New model of empathy? No. Old news for those with situational awareness.
A taunting torturer can use empathy for bad. Empathy itself does not entail doing the right thing, but can just help understanding others.
(At least the rat experiment didn't show any taunting, as far as I can tell.) :)
Ages ago I read that some have less empathy and tend to make moral decisions based on perceived consequences, but this has been shown wrong.
Anyway, maybe the main thing that can be learned from these experiments, is that whatever morals (can) have emerged via biological evolution, even though we cannot derive such morals from biological evolution itself.
However, since we have mostly been blissfully unaware of why we feel the way we do and act the way we do, moral philosophy had been forced to a) place a priori truths instead of impulses, drives and capacities, and b) confuse post-hoc rationalisation with reasoning (the fallacy at the heart of Rationalism).
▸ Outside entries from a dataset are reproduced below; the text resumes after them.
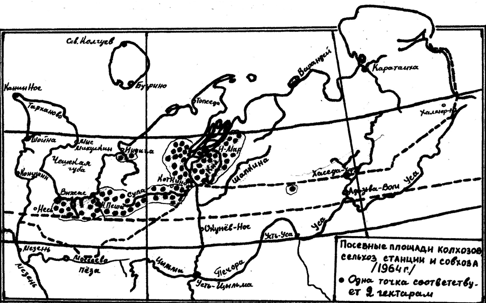 Figure 2. Areas of agriculture and horticulture on the territory of the Nenets District, 1964 [Map from the Archives of the Naryan-Mar Agricultural Experimental Station, Department of Economics].
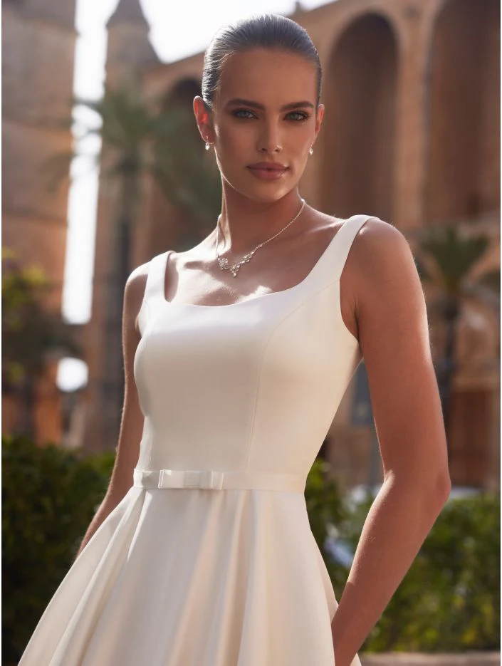 Levente är en elegant A-linjeformad brudklänning tillverkad i högkvalitativt mikadotyg. Klänningen har ett imponerande släp som ger en känsla av storslagenhet, med en sofistikerad fyrkantig halsringning både fram och bak, samt en naturlig midja. Den ärmlösa siluetten framhävs av ett stiligt bälte prytt med en rosett.
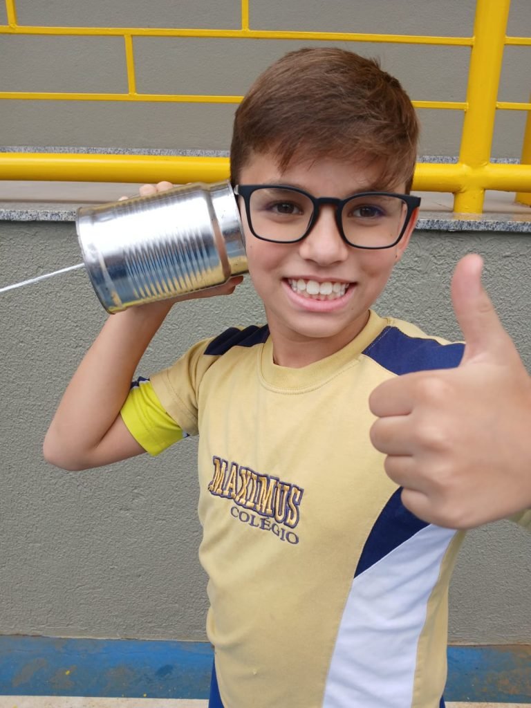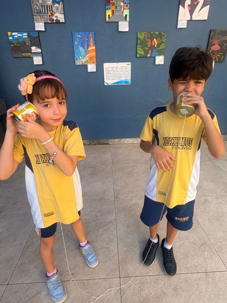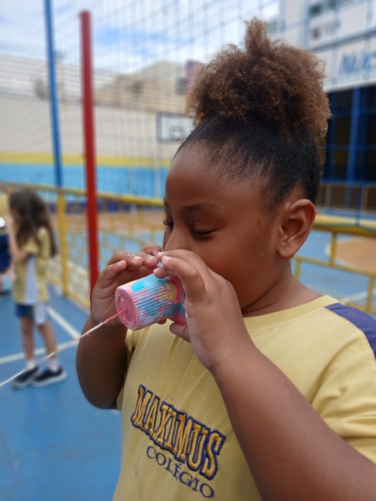 Pensando em estudar esse conteúdo de maneira prática e lúdica, o Colégio Maximus — Unidade Santa Inês trabalhou com os estudantes do 3º ano do Ensino Fundamental — Anos Iniciais uma atividade simples e muito divertida para investigar uma pergunta curiosa: um cordão pode transportar o som? Por meio do experimento conhecido como telefone sem fio, utilizamos dois copos conectados por um cordão para demonstrar como o som pode se propagar.

That's not to say that reason plays no role, rather that morality is not fundamentally reasonable (Kahneman's System 2 taking credit for everything).
I'm not sure if that's true, but it seems plausible.
Quoting jorndoe
Well, ladies and gentlemen, we have a new (role) model, the humble rat (Rattus rattus) who until Dec 2011 were treated as vermin, to be exterminated en masse. My my, how the times have changed. It was only yesterday that people minted money by selling rat poison and now, this study shows us a side that we never in our wildest dreams thought rodents had. Our relationship with animals needs a major overhaul but that would've been true even if rats and other animals are utterly devoid of empathy, right?
Till recently I thought morality was what came out when you mix empathy and reason, when heart and mind partner up and that it had to wait until reason grew up so to speak. However, without some proto-morality already in play we would've never gotten to the point where we could do that.
P. S. What about the so-called replication crisis in psychology.
Empath 1: I want to learn all about human empathy and morality and stuff.
Empath 2: Me too. Let's put a rat in a distressingly small cage and see if another rat will let it out.
Empath 1: Great idea.
Later:
Empaths in chorus: Wow! The other rat let it out! That's so cool. We know so much about human empathy and morality and stuff now. Let's do it on some more rats, though, just to make sure.
People suck?
That we are more appropriately considered vermin than are rats.
:100: As far as the Earth is concerned, probably more like parasites than vermin. But yeah, right down there with them. They probably serve a purpose in the grand scheme of things, but I'm not sure what this is. I guess that's why they have TPF. :grin:
Quoting Ciceronianus the White
What new might we learn? :)
But what is "the right thing" to begin with?
I think of Amartya Sen when I hear that question. Avoiding doing the obviously wrong thing is a start. E.g. we may not be certain whether working for an investment bank is an ethical career choice but if we find ourselves abducting children and selling them into slavery we've definitely gone wrong somewhere.